8. From the local to the national and transnational

9. Agenda 2030 in practice: sustainability

10. Participation as a process: encouraging and promoting participation in all stages of development

11. Enforcement and transparency

12. Elections made easy: simple voting

13. Every resident is also a citizen. (voting rights for those excluded from national elections)

14. Every vote is heard (not just during elections but year-round)

15. Democracy Support for the development of ideas of the citizens

16. Modern direct democracy (citizens themselves can propose and enact laws and

constitutions).

17. Open governance: Digital access to information 

18. Representation of the under-represented: 

19. Media and public infrastructure (diverse and reliable sources of news and context to help the people to govern themselves)

20. City of the “happy losers.”

In fall 2022, our Global Forum convened again, in Lucerne, Switzerland. In a historic City Hall next to the Chapel Bridge, another nine cities signed the document, along with a few multinational organizations of municipalities.

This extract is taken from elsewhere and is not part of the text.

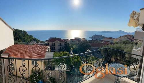 Tekst oglasa: Penthouse s 4 spavaće sobe na Svetom Stefanu s panoramskim pogledom na more, planine i ostrvo. Prostran, svijetao stan. Sunčana strana. Zauzima cijeli sprat troetazne zgrade. Površina stana prema listu nepokretnosti – 82 m2 Stan se sastoji od prostranog dnevnog boravka s kuhinjskim dijelom i terasom, 4 spavaće sobe, 2 kupaonice, hodnika. Izlazi na terasu iz dnevnog boravka i svih spavaćih soba. Stan se prodaje sa namjestajem i tehnikom. Napravljeni su popravci europske kvalitete, kupaonice imaju podno grijanje. Ugrađeni su samostojeći klima uređaji koji osiguravaju grijanje i hlađenje. Balkoni imaju kovane ograde. Udaljenost do mora je oko 10 minuta pješice. Oko zgrade nalazi se besplatan parking. Nekretnina je legalna, postoji građevinska i upotrebna dozvole. |

But the surprise came during presentations by the signing cities. The governments of Amsterdam and Lucerne had started evaluating themselves on each item in the Magna Carta’s list. Lucerne even produced a color-coded grid to indicate its progress on all 20 Magna Carta dimensions. When I saw this very serious and official grid and thought of my half-hearted writing during that Rome all-nighter, I had to stifle a laugh.

The Magna Carta spread around the world, without much effort on our part. Occasionally, Kaufmann and I talked about promoting the document, but we rarely followed through — our paying jobs took precedence. Back in 2020, I sent the document to about 100 American municipalities, as well as the National League of Cities. I got just two replies: a curious call from an Austin city councilman and a note from the Beverly Hills mayor signing on.

We still hear from cities that want to sign. Last year, Merida, the largest city in Mexico’s Yucatan peninsula, held a Democracy City Summit during which another dozen cities signed on. But the Magna Carta is just one of many similar statements of local democratic commitment circulating the planet now.

Our Magna Carta helped inspire more serious efforts to chart a new planetary governance led by localities. In 2020, with Kaufmann’s assistance, an NGO called the European Capital of Democracy was launched in Vienna. It holds an annual competition to be the European Capital of Democracy. (Barcelona is the reigning champion). That’s the carrot — to get cities to participate. But to join the contest, one must join a network of cities that commit to work together on democratization and worldwide governance — innovative processes, online exchanges and information sharing.

“Cities are incubators for democracy,” says the European Capital of Democracy website. “They are best placed to safeguard and develop our self-government, protect the rule of law and uphold human rights.  When I visited the network’s director in Vienna last fall, we talked about how the “capital of democracy” model might be adopted around the world.

To a similar end, the largest municipal organization in the world, the United Cities and Local Government (UCLG) has been circulating a document with the same spirit as my Magna Carta, but with broader ambition.

The Pact for the Future of Humanity” was first written at a UCLG meeting in Daejeon, South Korea in late 2022. Its 22 pages address various planetary challenges but focus on two points that were central to my Magna Carta: that local governments are defenders of democracy, and that local entities must have the power and resources to solve planetary problems. 

The pact, in its own words, places “local democracy at the heart of action, stressing the importance of representation and participation; inclusivity and empowerment in decision-making instances, the urgent need to restore transparency, honesty and accountability at all levels of government as a means to rebuild a more representative, inclusive and efficient multilateral system.”

I couldn’t have said it better myself.